Au Conservatoire, Rouleau étudie pour devenir musicien, suivant des cours théoriques et de piano. Le Conservatoire n’ayant pas de faculté de chant, il suit des cours de chant en privé avec Albert Cornellier puis avec Martial Singher. Parallèlement, M. Rouleau étudie l’économie et les sciences politiques à l’Université de Montréal. Toutefois, il ne termina jamais ces études, car il partit pour l’Europe entre 1952 et 1954 pour étudier avec Mario Basiola et Antonio Narducci. Sa grande percée survient en 1955, après avoir chanté gratuitement avec l’Experimental Opera de New York et le New Orleans Opera. David Webster auditionnait une basse pour le Covent Garden et il offrit un contrat à Rouleau sur-le-champ. « C’était ma première véritable audition professionnelle et ma deuxième et dernière fut pour le maestro John Barbirolli », dit fièrement M. Rouleau.

Artiste

Au Covent Garden, Rouleau rejoint une compagnie d’opéra de 1200 employés et 48 solistes salariés. « Tout nouveau chanteur doit passer devant la critique ou il ne tiendra pas. On est nerveux, mais les nerfs disparaissent avec l’expérience et la confiance. Avoir confiance, c’est immense. Techniquement, on doit être solide. Si on ne peut pas contrôler son diaphragme en public et qu’on tremble, on ne peut pas faire carrière, dit-il avec sérieux et humilité. Quand on monte sur scène, papa, maman et notre professeur ne sont pas là. On est seul pour défendre le rôle et la scène avec toute sa capacité. Si on n’en est pas capable, on échoue. Si on échoue, ils ne vous rembaucheront pas. Il faut être meilleur que les autres. »

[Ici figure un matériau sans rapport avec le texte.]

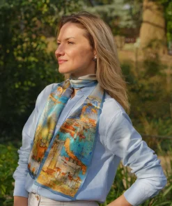 This luxurious long silk scarf is crafted from 100% natural Mulberry silk, renowned for its luminous sheen and smooth, soft texture. The design is double-layered and printed on both sides, bringing a touch of elegance to any outfit. Its luxurious softness makes it an ideal fabric for those with sensitive skin or who prefer natural fibres. The scarf is certified to OEKO‑TEX® Standard 100.
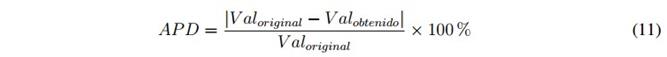 Para comparar los resultados obtenidos se utiliza el cálculo del porcentaje de diferencia absoluto o APD (Absolute Percentage Difference) como lo indica la ecuación 11.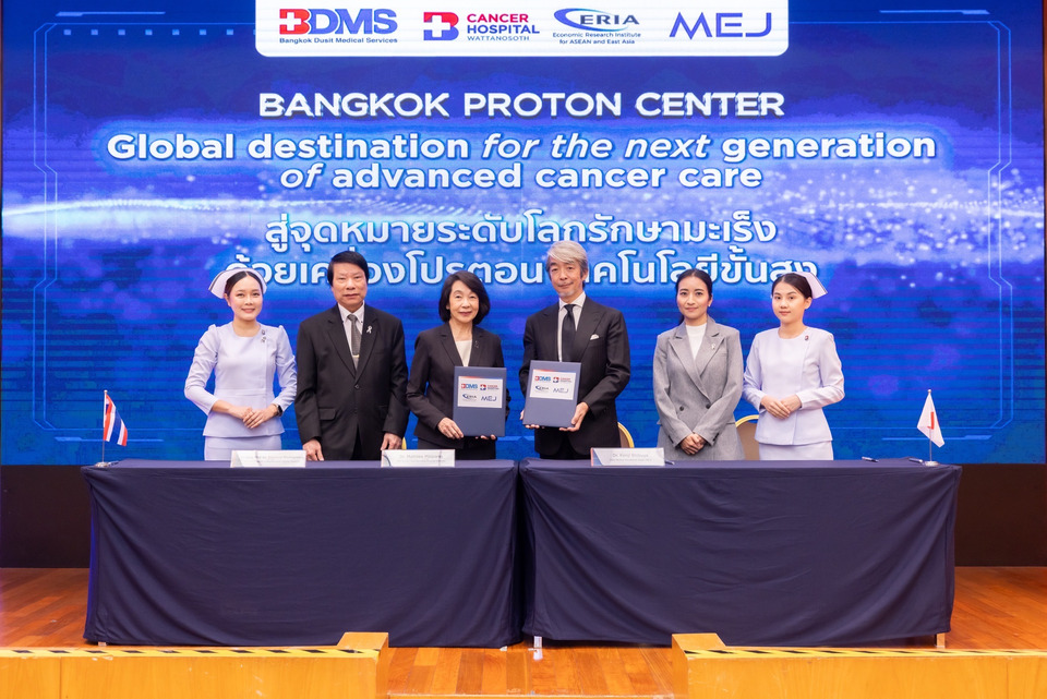 เมื่อวันที่ 26 พฤศจิกายน 2568 บริษัท กรุงเทพดุสิตเวชการ จำกัด (มหาชน) หรือ BDMS เครือข่ายโรงพยาบาลเอกชนชั้นนำของประเทศไทย มุ่งจุดหมายระดับโลกรักษามะเร็งด้วยเครื่องโปรตอน เทคโนโลยีขั้นสูงในภาคเอกชนไทย “Global destination for the next generation of advanced cancer care” โดยผนึกกำลังกับ Medical Excellence JAPAN (MEJ) และ Economic Research Institute for ASEAN and East Asia (ERIA) ภายใต้การสนับสนุนของรัฐบาลญี่ปุ่น เดินหน้าพัฒนาการรักษาโรคมะเร็งด้วย 'โปรตอนบำบัด' เทคโนโลยีรังสีขั้นสูง เริ่มโครงการก่อสร้าง Bangkok Proton Center ศูนย์โปรตอนบำบัดในภาคเอกชน ที่โรงพยาบาลวัฒโนสถ Cancer Hospital เพื่อยกระดับมาตรฐานการดูแลผู้ป่วยมะเร็งในไทยไปสู่ระดับสากล และส่งเสริมคุณภาพชีวิตที่ดีขึ้นอย่างชัดเจน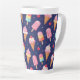 Pattern on blue background with creamy ice cream and popsicles, cherries and confetti floating around. Cute whimsical food design.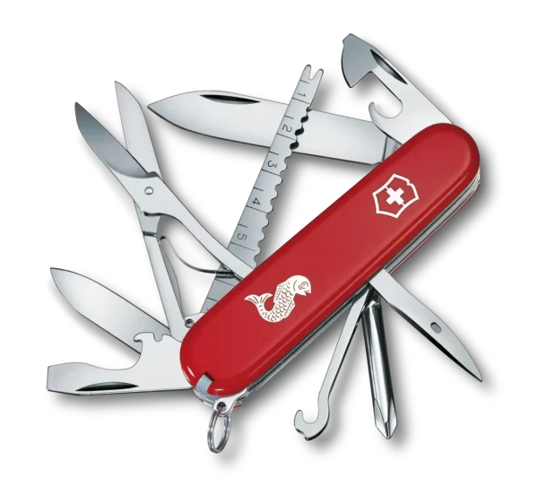Cuando escuches hablar de la Navaja Suiza, es probable que venga a tu mente el recuerdo de la legendaria navaja para oficiales. Esa leyenda sigue viva con la navaja de bolsillo Fisherman. Se diseñó y fabricó teniendo en cuenta las necesidades de los pescadores y, por supuesto, incluye un descamador de pescados y un saca anzuelos. Guárdala en tu caja de aparejos y siempre estarás listo para tu próxima gran pesca.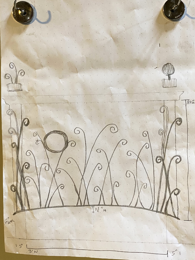 - Abstracted Laurel Gate design. This was a transformation of the original chain link fence gate. 7’H.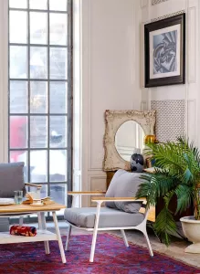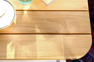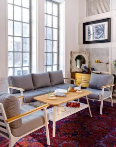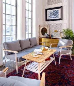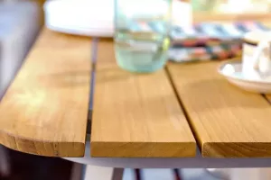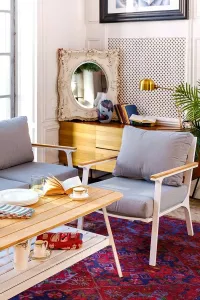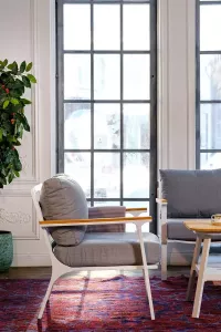 Комбинация каркаса матового белого цвета с подлокотниками из натурального тика и спокойного тона глубоких и удобных подушек дает запоминающийся комплект садовой мебели, который займет достойное место на любой веранде.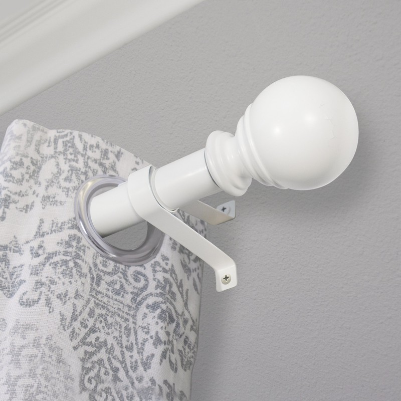 Put the focus on finish with this adjustable curtain rod set with Ball finials. The understated styling with rich finish color will compliment a variety of home decor. Metal construction one inch diameter drapery rods and matching metal mounting brackets provide durability and support for your drapery panels. Adjustable telescoping rod design allows for a custom fit, available in sizes 18-36”, 36-72”, and 72-144”. available in silver, White, bronze and black finishes.

Par-dessus tout, Rouleau parle de l’importance d’être plus qu’un chanteur. « Être artiste, c’est créer la couleur et la beauté pour satisfaire et toucher le public. Je pense que c’est inné et qu’il faut le développer. On doit chercher et travailler, travailler et travailler pour s’améliorer. »

Son rêve

Rétrospectivement, Rouleau est fier du Mouvement d’action pour l’art lyrique du Québec (MAALQ), qu’il a formé avec Robert Savoie et plusieurs autres. « Nous avons atteint nos trois objectifs : créer l’Opéra de Montréal en 1980, l’Opéra de Québec en 1981 et l’Atelier lyrique de l’Opéra de Montréal en 1983. » Ces trois organisations ont ouvert la voie à une nouvelle génération de chanteurs canadiens qui se font entendre dans leur propre pays. Rouleau est demeuré au conseil d’administration de l’Opéra de Montréal jusqu’en 1989, année où il a démissionné en raison de l’embauche de Bernard Uzan. « J’ai senti et je sens toujours que les Canadiens ont le talent nécessaire pour diriger leurs propres institutions lyriques et artistiques », dit-il. Bien qu’il préside maintenant les Jeunesses Musicales du Canada, il rêve encore du jour où une institution nationale québécoise composée d’opéra, d’opérette, de ballet et d’orchestre jouera en toutes saisons dans une salle de 1500 places, à longueur d’année. « C’est le modèle de Covent Garden et il faudra 200 millions de dollars. Je suis convaincu qu’il y a une demande pour cela. Comme l’a dit le président Obama, il vaut mieux travailler ensemble que de se diviser. » Ne sous-estimez pas Rouleau. À 80 ans, il est toujours aussi fort.